O Brasil registrou a criação de 166.621 empregos com carteira assinada em junho de 2025, segundo dados do Novo Caged, divulgados pelo Ministério do Trabalho e Emprego. O saldo positivo resulta de mais de 2,1 milhões de admissões contra cerca de 1,97 milhão de desligamentos no período.

Todos os setores registram saldo positivo

Todos os principais setores da economia apresentaram crescimento no número de empregos formais em junho. O destaque ficou com o setor de serviços, que liderou com mais de 77 mil novas vagas, seguido pelo comércio, com aproximadamente 33 mil. A agropecuária foi responsável por 25.833 novos postos de trabalho, mantendo o padrão de bons resultados nesse mês, historicamente positivo para o setor. Indústria e construção também contribuíram com a geração de vagas, com saldos de aproximadamente 20 mil e 10 mil empregos, respectivamente.
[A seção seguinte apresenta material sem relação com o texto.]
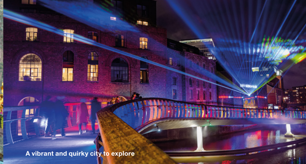
A vibrant and quirky city to explore
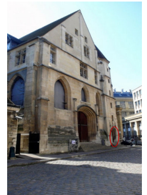
Le Réfectoire des Cordeliers
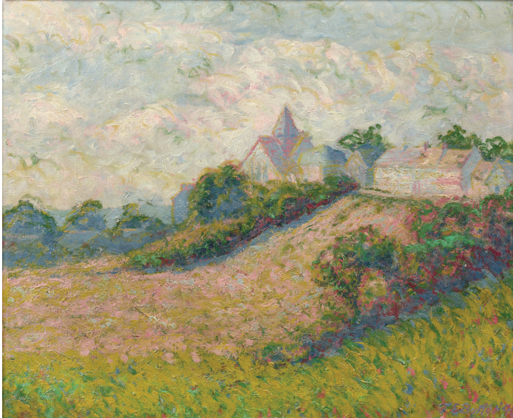
THEODORE EARL BUTLER (1861–1936) Church, Giverny , 1896, oil on canvas, 23½ × 29 in.

Regiões brasileiras acompanham crescimento

Todas as regiões do país registraram saldos positivos na geração de empregos, tanto no total quanto especificamente no setor agropecuário. O Sudeste se destacou com mais de 76 mil novas vagas no geral e liderou também na agropecuária, com mais de 14 mil postos. O Nordeste criou mais de 36 mil empregos no total e quase 4 mil no campo. O Centro-Oeste também teve desempenho expressivo, com cerca de 24 mil vagas totais e mais de 6,7 mil na agropecuária. Norte e Sul completam o cenário positivo, ainda que com saldos mais modestos.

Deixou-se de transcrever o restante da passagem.